**Data for this exercise**
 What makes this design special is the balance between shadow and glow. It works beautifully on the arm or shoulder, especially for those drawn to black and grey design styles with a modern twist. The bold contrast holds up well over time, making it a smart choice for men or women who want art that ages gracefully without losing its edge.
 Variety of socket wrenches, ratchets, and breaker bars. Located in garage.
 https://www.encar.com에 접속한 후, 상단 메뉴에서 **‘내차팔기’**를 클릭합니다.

==

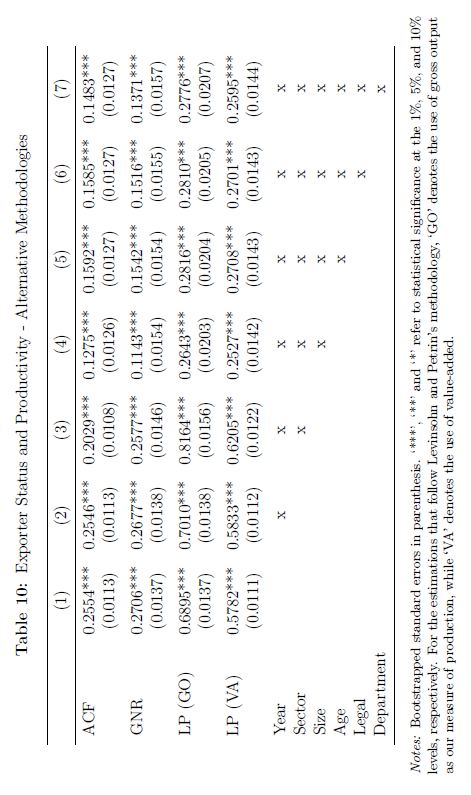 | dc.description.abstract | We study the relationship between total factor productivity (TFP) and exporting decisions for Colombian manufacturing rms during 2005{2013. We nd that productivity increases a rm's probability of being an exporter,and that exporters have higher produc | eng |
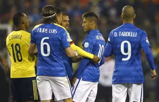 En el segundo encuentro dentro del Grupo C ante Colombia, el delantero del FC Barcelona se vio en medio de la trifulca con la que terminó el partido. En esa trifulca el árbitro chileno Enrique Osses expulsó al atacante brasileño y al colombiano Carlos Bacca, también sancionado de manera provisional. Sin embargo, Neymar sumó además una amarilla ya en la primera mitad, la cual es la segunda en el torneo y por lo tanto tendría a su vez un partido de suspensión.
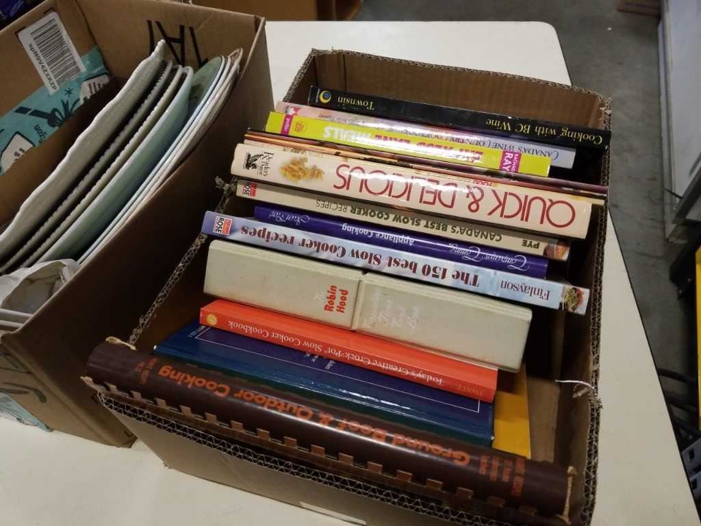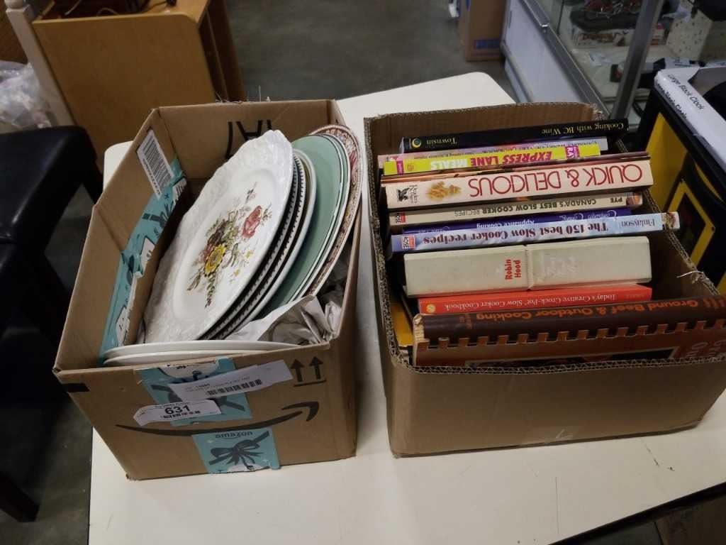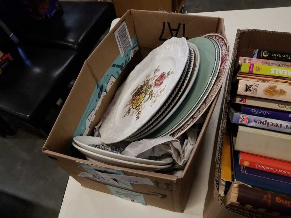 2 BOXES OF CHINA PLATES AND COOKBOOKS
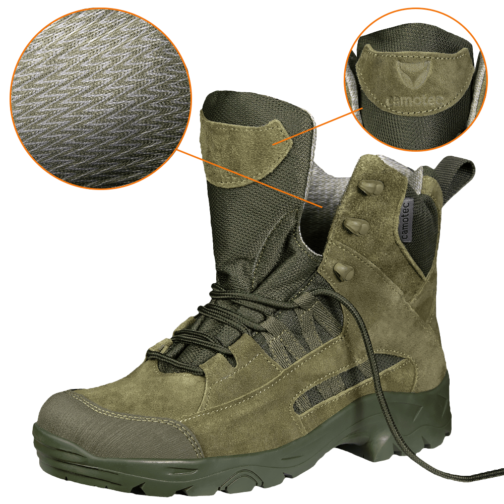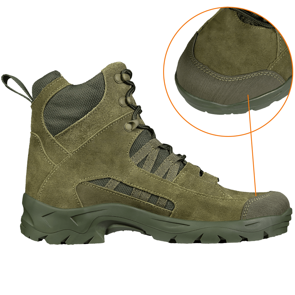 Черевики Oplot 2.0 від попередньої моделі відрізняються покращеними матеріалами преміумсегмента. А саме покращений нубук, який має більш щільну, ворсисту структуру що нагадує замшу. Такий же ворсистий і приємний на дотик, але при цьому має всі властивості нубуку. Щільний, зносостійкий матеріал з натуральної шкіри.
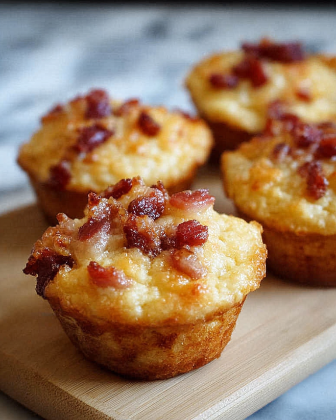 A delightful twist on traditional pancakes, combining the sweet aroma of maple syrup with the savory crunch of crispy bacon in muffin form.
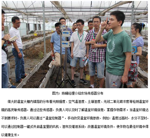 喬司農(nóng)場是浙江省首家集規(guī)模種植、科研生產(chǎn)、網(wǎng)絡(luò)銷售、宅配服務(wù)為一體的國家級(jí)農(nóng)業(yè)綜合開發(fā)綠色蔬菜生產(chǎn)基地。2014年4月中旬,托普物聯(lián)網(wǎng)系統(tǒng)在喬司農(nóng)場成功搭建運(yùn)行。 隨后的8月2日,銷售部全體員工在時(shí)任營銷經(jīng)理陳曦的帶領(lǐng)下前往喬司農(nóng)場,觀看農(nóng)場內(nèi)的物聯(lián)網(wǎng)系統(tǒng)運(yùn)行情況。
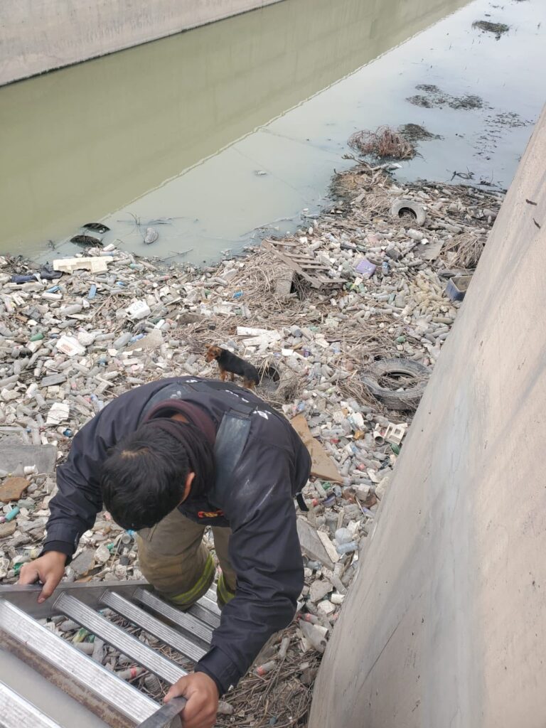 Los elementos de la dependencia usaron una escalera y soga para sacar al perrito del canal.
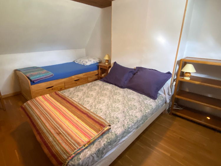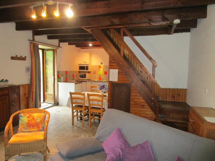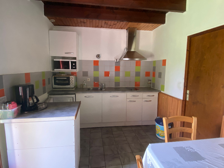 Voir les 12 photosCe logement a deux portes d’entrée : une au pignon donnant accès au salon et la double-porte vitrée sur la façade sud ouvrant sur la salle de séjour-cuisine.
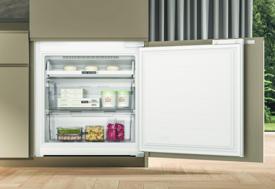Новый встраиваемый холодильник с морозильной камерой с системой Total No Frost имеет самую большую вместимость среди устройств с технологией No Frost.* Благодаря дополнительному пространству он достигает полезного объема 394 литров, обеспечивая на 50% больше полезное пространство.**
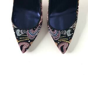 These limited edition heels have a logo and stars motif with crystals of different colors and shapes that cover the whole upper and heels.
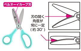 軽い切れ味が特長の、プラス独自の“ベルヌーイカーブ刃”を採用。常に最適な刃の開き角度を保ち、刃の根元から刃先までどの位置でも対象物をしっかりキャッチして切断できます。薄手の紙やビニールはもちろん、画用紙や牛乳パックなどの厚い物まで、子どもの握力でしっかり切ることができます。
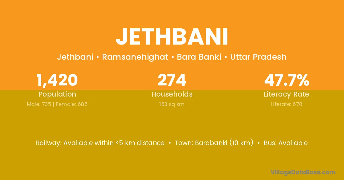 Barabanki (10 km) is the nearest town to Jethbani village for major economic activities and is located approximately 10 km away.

**Work order**
Look above for the line with "Los elementos de" and the line with "Barabanki (10 km)"; set down those two lines and all lines between them exactly, without pictures and without anything else.

**Reply**
 Los elementos de la dependencia usaron una escalera y soga para sacar al perrito del canal.
 Voir les 12 photosCe logement a deux portes d’entrée : une au pignon donnant accès au salon et la double-porte vitrée sur la façade sud ouvrant sur la salle de séjour-cuisine.
Новый встраиваемый холодильник с морозильной камерой с системой Total No Frost имеет самую большую вместимость среди устройств с технологией No Frost.* Благодаря дополнительному пространству он достигает полезного объема 394 литров, обеспечивая на 50% больше полезное пространство.**
 These limited edition heels have a logo and stars motif with crystals of different colors and shapes that cover the whole upper and heels.
 軽い切れ味が特長の、プラス独自の“ベルヌーイカーブ刃”を採用。常に最適な刃の開き角度を保ち、刃の根元から刃先までどの位置でも対象物をしっかりキャッチして切断できます。薄手の紙やビニールはもちろん、画用紙や牛乳パックなどの厚い物まで、子どもの握力でしっかり切ることができます。
 Barabanki (10 km) is the nearest town to Jethbani village for major economic activities and is located approximately 10 km away.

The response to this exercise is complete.